» **Data records**
%%

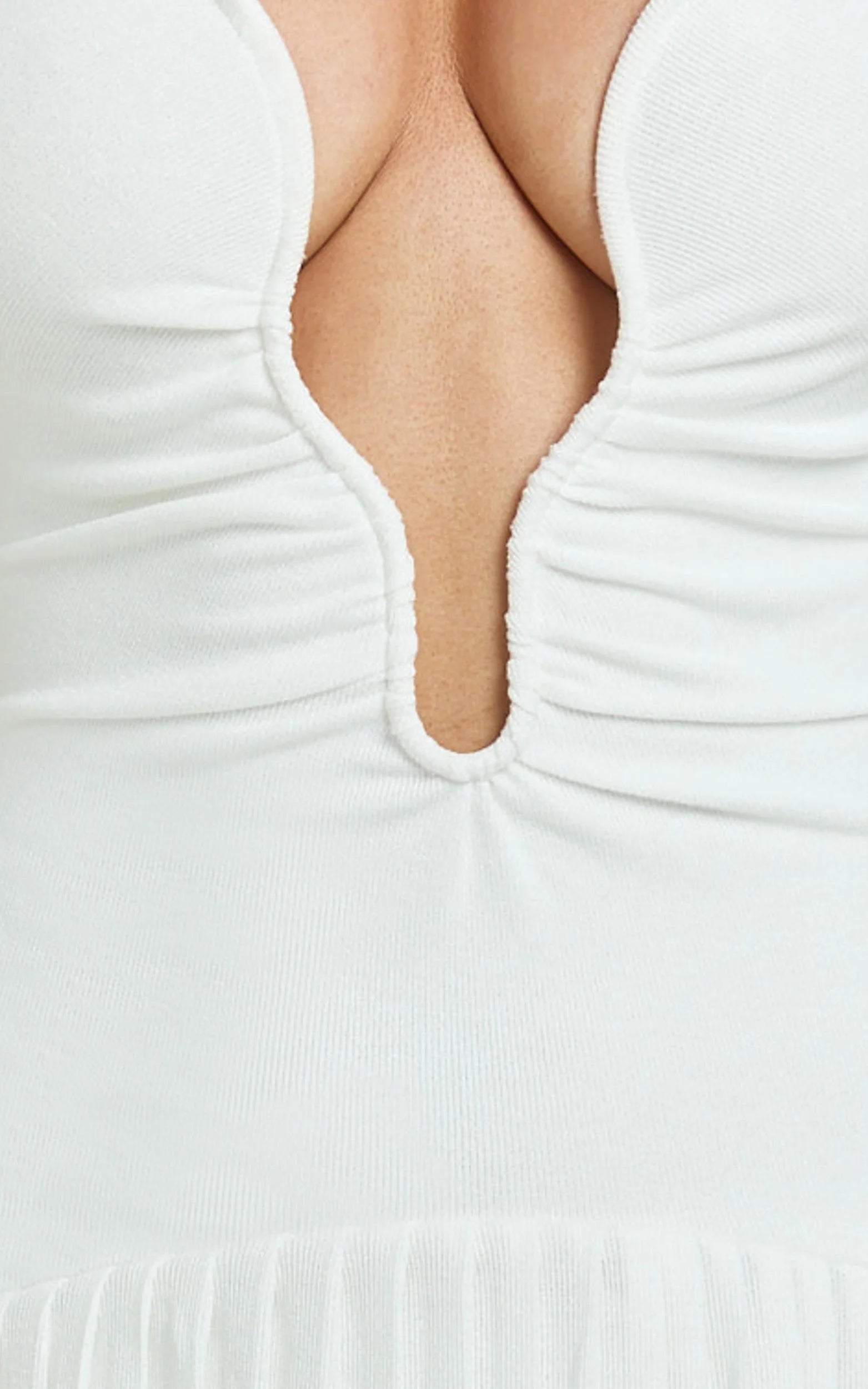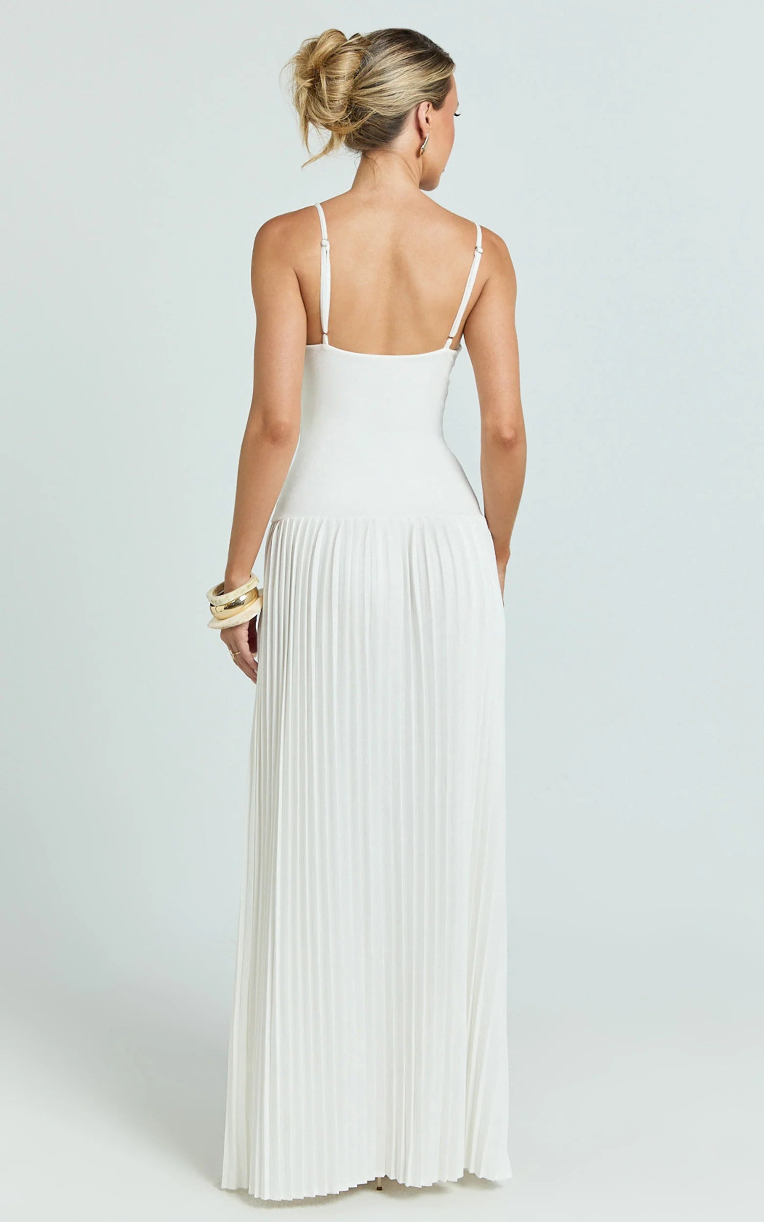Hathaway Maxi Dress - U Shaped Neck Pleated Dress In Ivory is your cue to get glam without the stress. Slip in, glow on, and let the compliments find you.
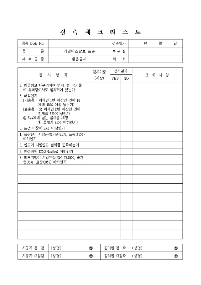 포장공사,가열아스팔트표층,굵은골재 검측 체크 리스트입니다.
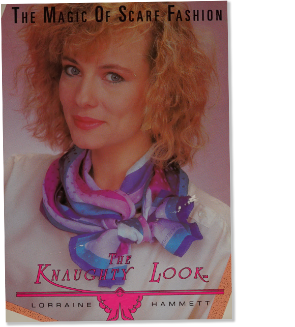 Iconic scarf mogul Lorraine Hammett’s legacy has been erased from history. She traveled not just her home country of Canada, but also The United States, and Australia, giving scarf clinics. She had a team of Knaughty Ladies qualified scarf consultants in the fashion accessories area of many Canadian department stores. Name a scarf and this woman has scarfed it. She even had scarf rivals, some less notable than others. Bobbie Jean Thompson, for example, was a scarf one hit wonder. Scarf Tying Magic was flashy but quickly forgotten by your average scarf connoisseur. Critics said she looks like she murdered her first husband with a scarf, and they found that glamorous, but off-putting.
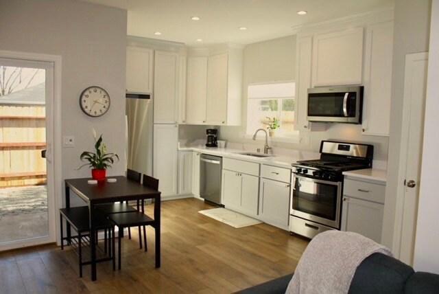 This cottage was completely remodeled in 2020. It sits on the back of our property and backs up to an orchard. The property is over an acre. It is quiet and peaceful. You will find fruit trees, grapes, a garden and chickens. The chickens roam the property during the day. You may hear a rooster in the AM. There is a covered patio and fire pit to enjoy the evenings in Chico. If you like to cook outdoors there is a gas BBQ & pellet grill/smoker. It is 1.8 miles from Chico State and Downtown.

%%
%%

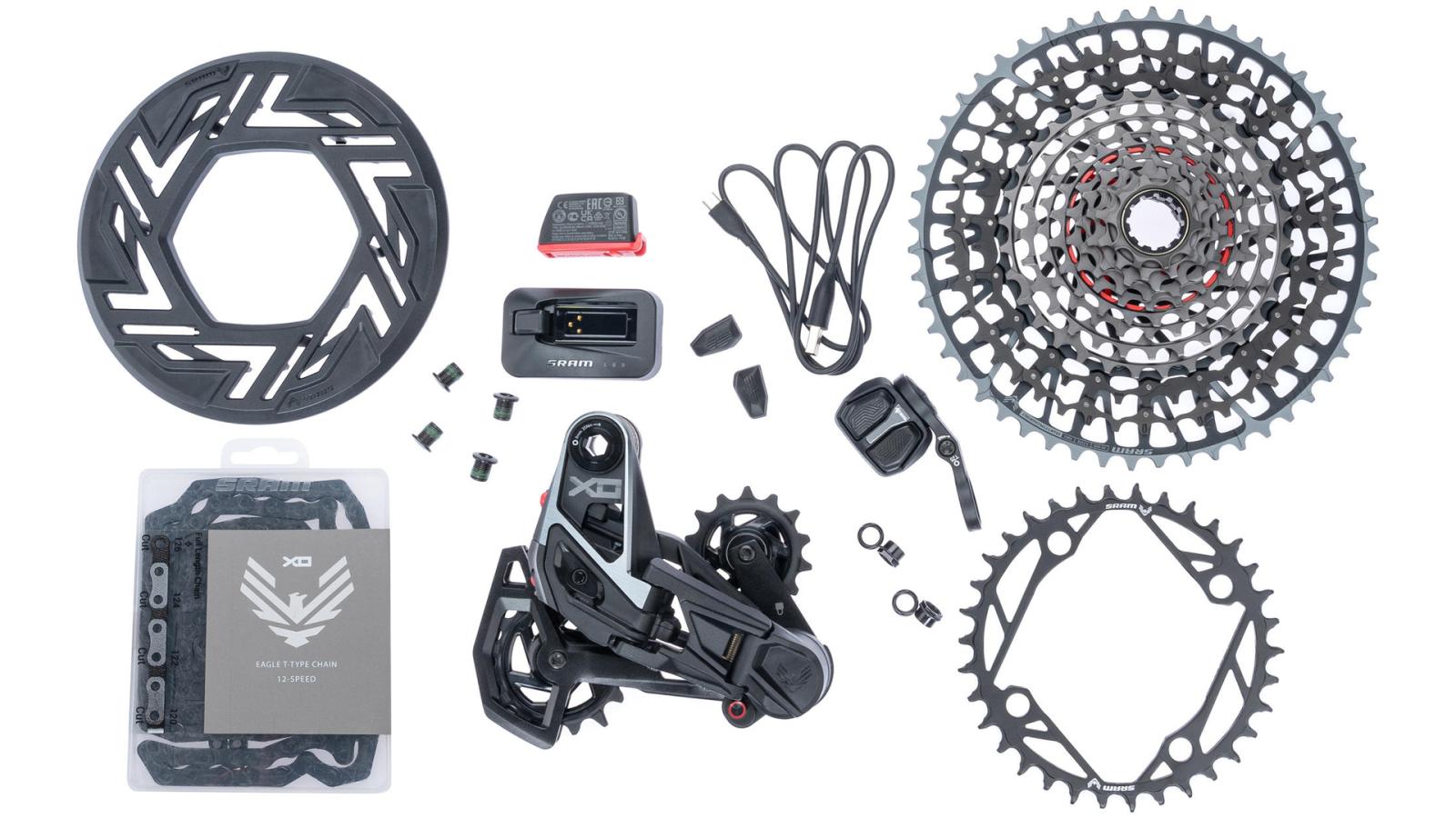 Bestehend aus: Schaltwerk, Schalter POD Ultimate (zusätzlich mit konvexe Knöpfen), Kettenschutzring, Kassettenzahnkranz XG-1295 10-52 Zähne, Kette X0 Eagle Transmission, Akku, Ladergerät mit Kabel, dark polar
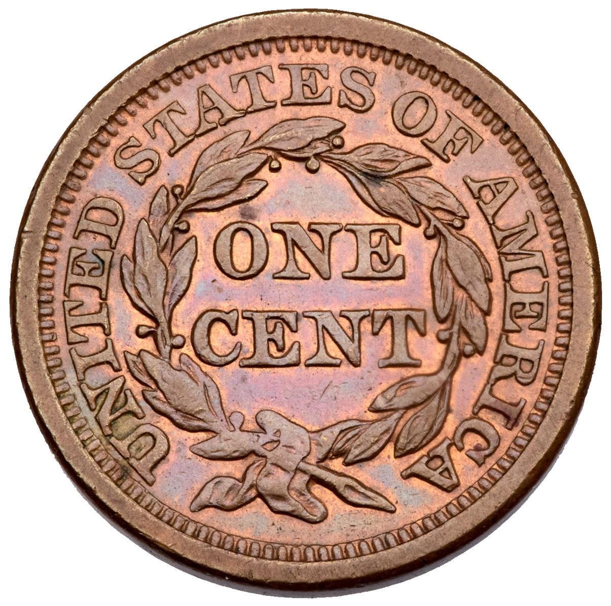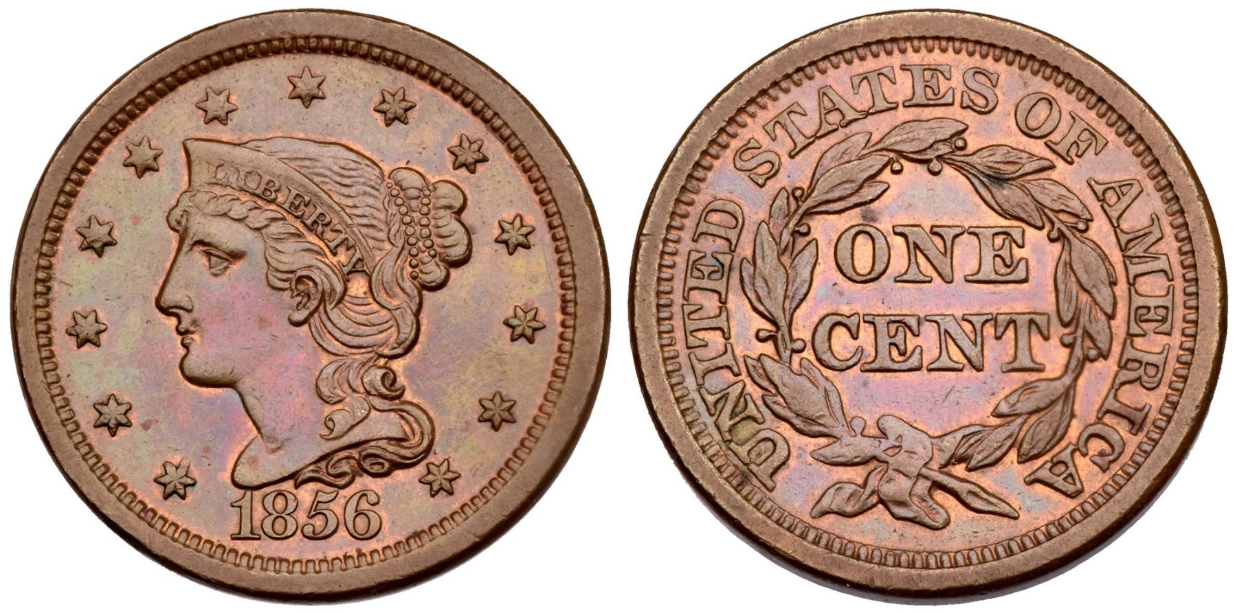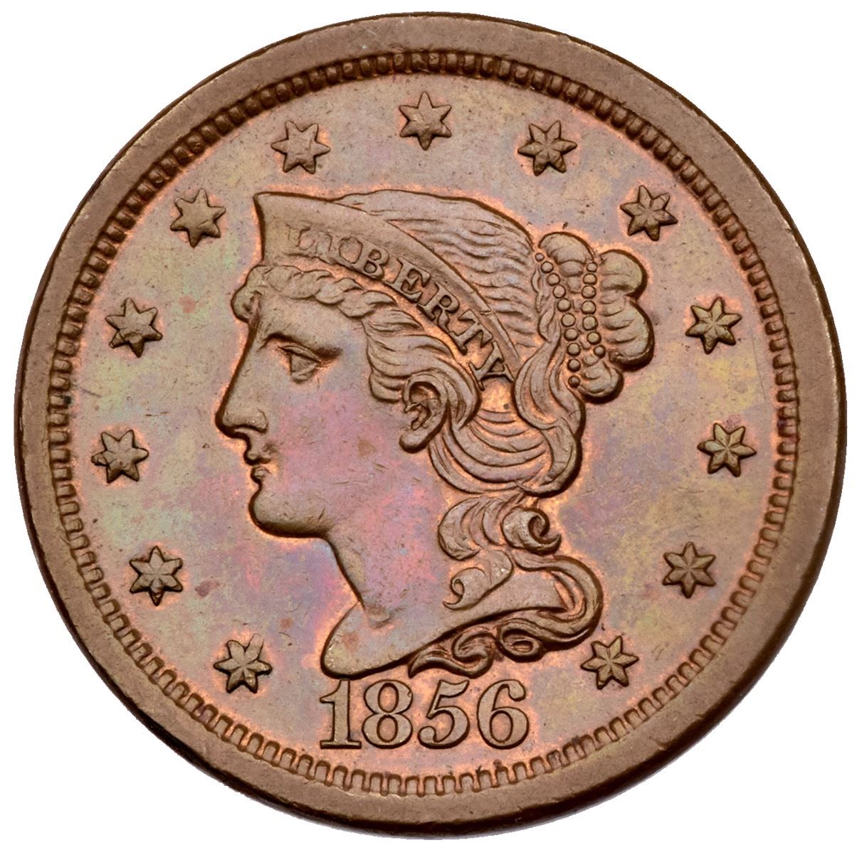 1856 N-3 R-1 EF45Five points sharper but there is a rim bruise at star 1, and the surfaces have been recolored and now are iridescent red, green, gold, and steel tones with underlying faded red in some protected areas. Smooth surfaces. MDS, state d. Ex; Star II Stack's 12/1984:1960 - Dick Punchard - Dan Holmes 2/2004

%%

» **Your assignment**
Range to copy from the listing above: the line containing "Hathaway Maxi Dress" down to the line containing "포장공사,가열아스팔트표층,굵은골재 검측 체크 리스트입니다.", both included. Reproduce it exactly, minus the pictures, and add nothing.

» **Response to the exercise**
Hathaway Maxi Dress - U Shaped Neck Pleated Dress In Ivory is your cue to get glam without the stress. Slip in, glow on, and let the compliments find you.
 포장공사,가열아스팔트표층,굵은골재 검측 체크 리스트입니다.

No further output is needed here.